Bisnis.com, JAKARTA — Pelaku industri menilai Rancangan Undang Undang (RUU) larangan Minuman Beralkohol (Minol) dinilai tidak memiliki kepentingan yang mendesak untuk dibahas hingga disahkan dengan berbagai kondisi latar belakang Indonesia saat ini.
Sekretaris Jenderal Asosiasi Pengusaha Importir dan Distributor Minuman Indonesia (APIDMI) Ipung Nimpuno mengatakan banyak aspek yang sudah mengatur industri ini mulai dari produksi, penyimpanan, hingga pengedaran jadi tidak perlu lagi tambahan UU untuk mengatur.
Paling utama dari sisi konsumsi, berdasarkan Balitbangkes dari total penduduk Indonesia hanya ada 2 persen yang menjadi konsumen minol.

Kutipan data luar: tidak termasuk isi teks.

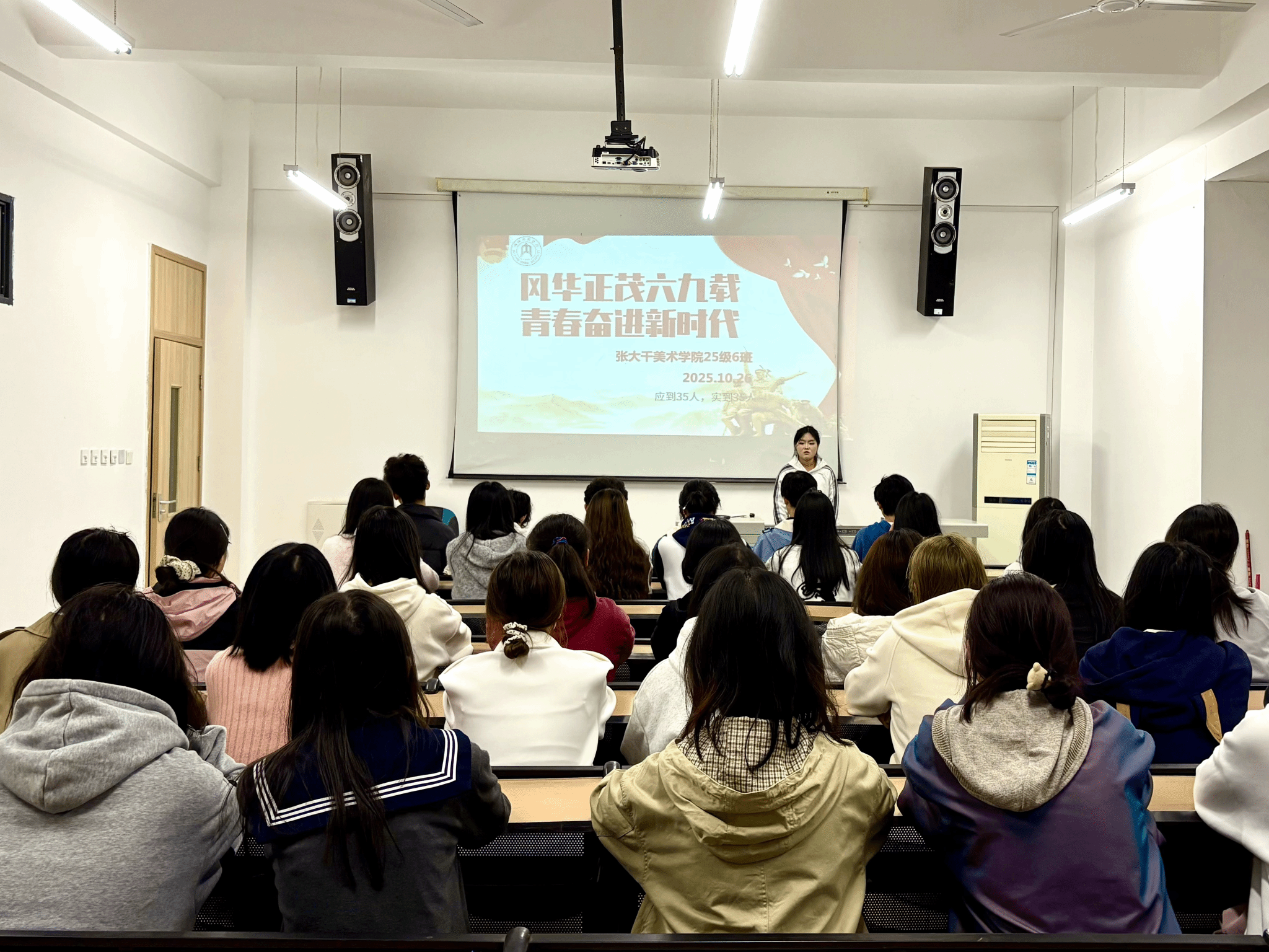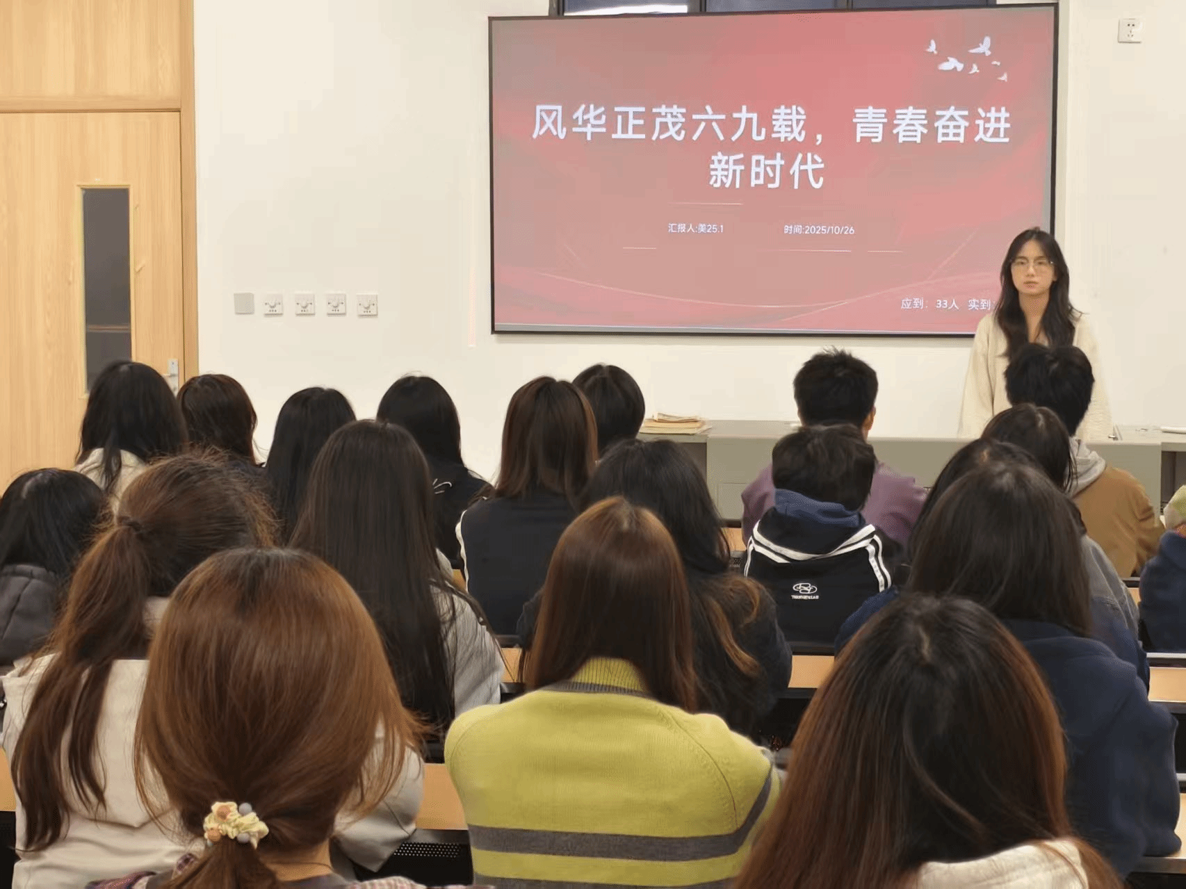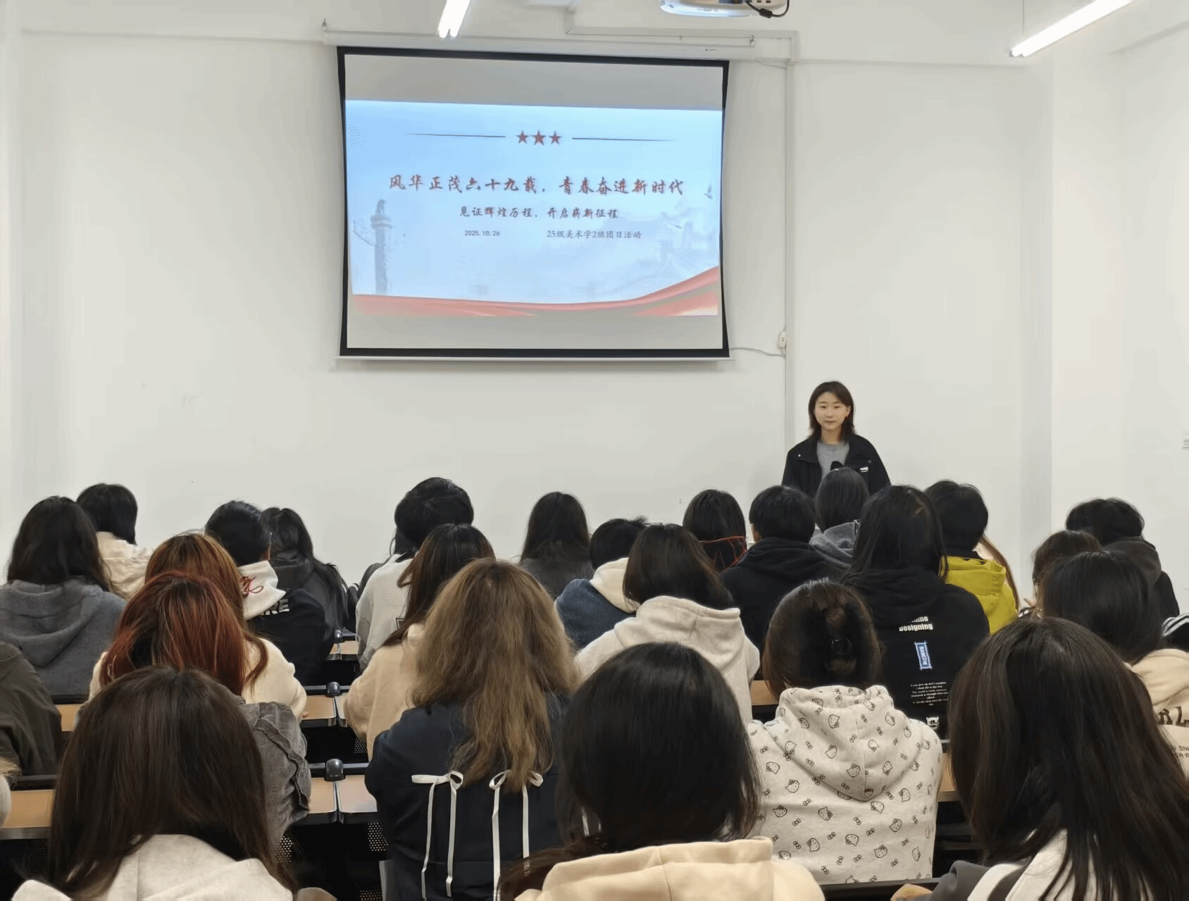 为庆祝太阳成集团tyc151cc建校69周年,引导广大团员青年坚定理想信念、践行使命担当,10月26日晚,公司组织2025级各班在大千楼教室开展了十月主题团日活动。本次活动由各班团支书主持,全体同学参加。

Angka itu setara dengan 1 mililiter per satu orang penduduk yang saat ini juga masih tercatat terendah se-Asia.
"Lalu apa urgensinya? kalau yang disoroti merusak moral kami sejak 2015 ada larangan minol itu bahkan sudah melakukan penelitian dengan NU hasilnya penyebab maraknya kematian akibat konsumsi minol waktu itu karena maraknya produk oplosan," katanya kepada Bisnis, Senin (23/11/2020).
Ipung mengemukakan produk oplosan didapat dari jenis metanol yang dicampur dengan minuman bersoda. Adapun metanol sejatinya bukan jenis alkohol yang diperuntukan untuk konsumsi minuman alhasil akan membuat kematian atau kebutaan pada yang mengonsumsi.
Sementara yang legal menggunakan alkohol jenis etanol yang tentu melewati beragam proses produksi untuk mendapat persetujuan tingkat regulator hingga pengawasan edar.
Baca Juga
"Belum lagi karena Covid-19 ini permintaan sudah turun 50 persen lebih, sedangkan pada tahun normal permintaan juga cenderung stagnan dan sering menurun," ujarnya.
Ipung juga menilai RUU larangan minol akan berseberangan dengan kegiatan di sejumlah daerah yang tengah mendorong minol tradisional untuk pasar global. Misalnya, arak bali dan Cap Tikus yang bahkan pembuatannya melibatkan ratusan petani karena berbahan baku nira.